The compromise between the larger and smaller states gave us the Electoral College. This compromise was based in another compromise: the bicameral legislature known as Congress. In the House of Representatives, each state had a number of members in proportion to its population, while in the Senate, each state was represented by two members.
When it came to electing the President, the Constitutional Convention repeated that compromise. It provided that each state would have the power to select a number of electors equal to the number of Representatives they had, thus representing the populace, if indirectly. Each state would also have two more electors for the Senators each had, thus representing state sovereignty. The Convention imagined these electors would be wise men who would vote for the most capable individuals for President and Vice President, rather than being swayed by the man of the hour. Thus the election of the President would not be due to some passing whim of the mob, while still ultimately arising from the people.
Over time, several changes altered the nature of the Electoral College, as the group of electors was called. The rise of national political parties as early as the 1790s meant that the electors ceased to be free agents, and instead became pledged to their parties’ nominees. The state legislatures delegated their power of choosing the electors to the voting citizens, but to maximize their power in the Electoral College, most awarded their electors on a “winner take all” basis to whomever won the popular vote in that state. That franchise originally belonged only to free white men. Constitutional amendments extended the franchise to the former slaves, to women, and to citizens of the District of Columbia, as well as dropping the voting age to 18.
Despite its persistence in our Constitutional framework, the system based on the Electoral College has not been without some difficulties. The original voting procedure, in which the votes for President and Vice President were not distinct, led to the election of a President and Vice President from opposing parties in 1796, and to a tied election in 1800. The Twelfth Amendment, ratified in 1804, fixed that problem by separating the voting for the two offices. In 1824, 1876, 1888, and 2000, the candidate who won the most votes nevertheless lost in the Electoral College. And in three of those elections, 1888 excepted, other bodies (the House of Representatives, a special commission, and the Supreme Court) were needed to settle the election.
So how does this work in 2016? When you enter the voting booth, your ballot may list the names of the Presidential and Vice Presidential candidates, but what you are really voting for is your state’s slate of electors pledged to vote for those candidates. Each state has as many electors as it has Representatives and Senators, hence the electors are roughly proportionate to population, but the system favors smaller states thanks to their equal representation in the Senate. When each state’s governor or designated subordinate executive officer certifies the results of the election, they also certify the slate of electors that will vote for the candidates who won a plurality in that state. (Maine and Nebraska do not follow the “winner take all” rule, but between them command only 10 electoral votes out of 538.) On December 19, 2016, those electors will meet in their respective states to cast their ballots, which again are certified by each state, and forwarded to Washington, D.C. On January 6, 2017, the Congress just elected will convene, open and count the Electoral College ballots, and declare the winner.

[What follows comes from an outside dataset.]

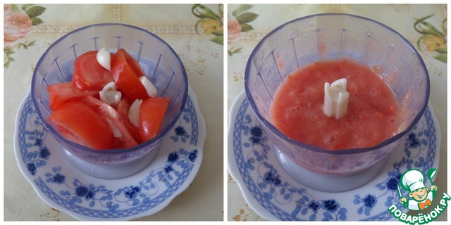 В чашку выкладываем томатно-чесночную массу.
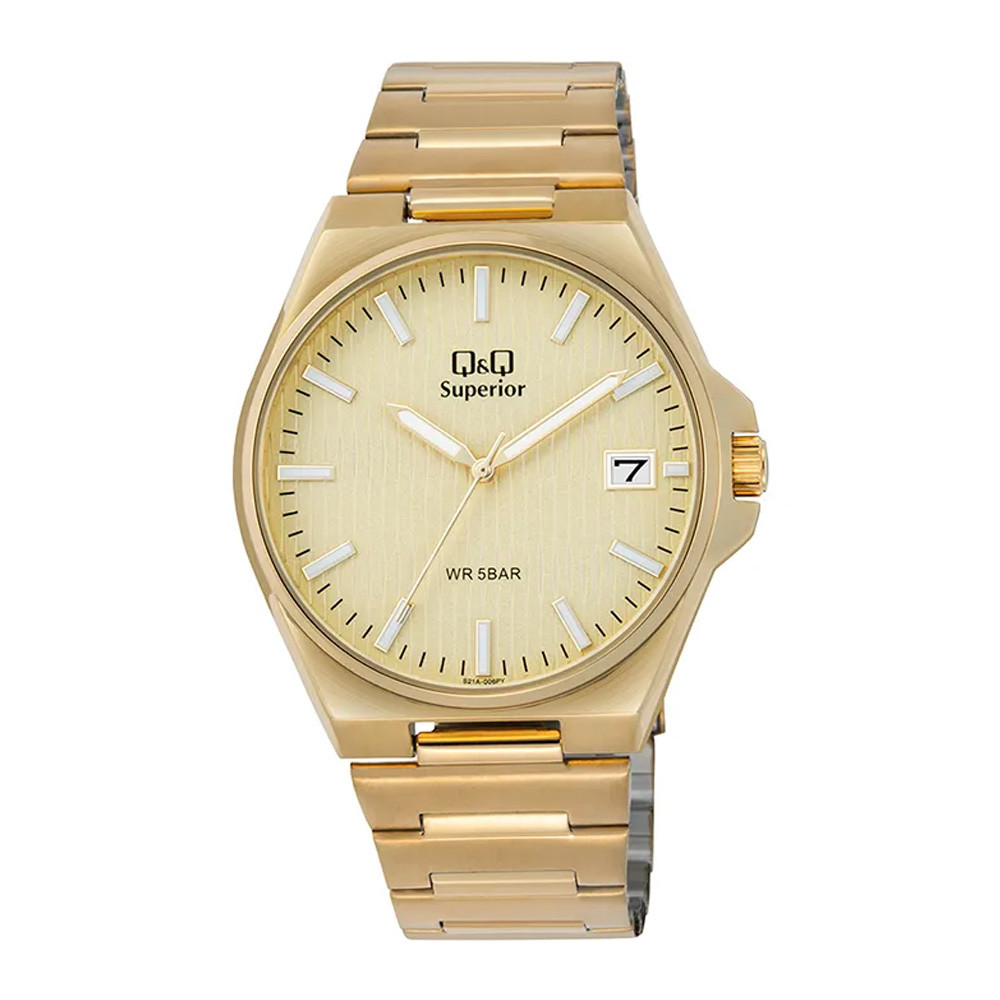 Q&Q Superior Férfi Karóra – Arany Színű Fémtokkal, Texturált Számlappal és Dátumkijelzővel

It should all be straightforward.
Yet inherent in the design of the Electoral College are three possible problems that could affect the outcome. First, because smaller states are overrepresented in the Electoral College and all but two states award them on a “winner take all” basis, it is possible for a candidate to lose the popular vote and yet win in the Electoral College. This has happened most recently in 2000. While such a result is legal, nevertheless it reduces the democratic legitimacy of the presidency. President George W. Bush, the winner of the 2000 election, faced considerable criticism of his legitimacy until the terrorist attacks of September 11, 2001 brought the country together.
Second, the Constitutional Convention imagined the electors as wise men, free agents, not the pledged party delegates they have become. They placed no restriction on which eligible candidate an elector might vote for. So there is no Federal law preventing a candidate from changing his or her mind and voting for someone other than the candidate to which s/he pledged. This switching has happened in elections as early as 1796 and as recently as 2004, though so far it has never changed the outcome of an election. While there are laws in several states binding electors to their candidates, these have never been enforced or tested in court. Conceivably, if a majority of electors agreed to change their votes the same way, we could wake up in January to find they had agreed on a candidate no one had ever considered.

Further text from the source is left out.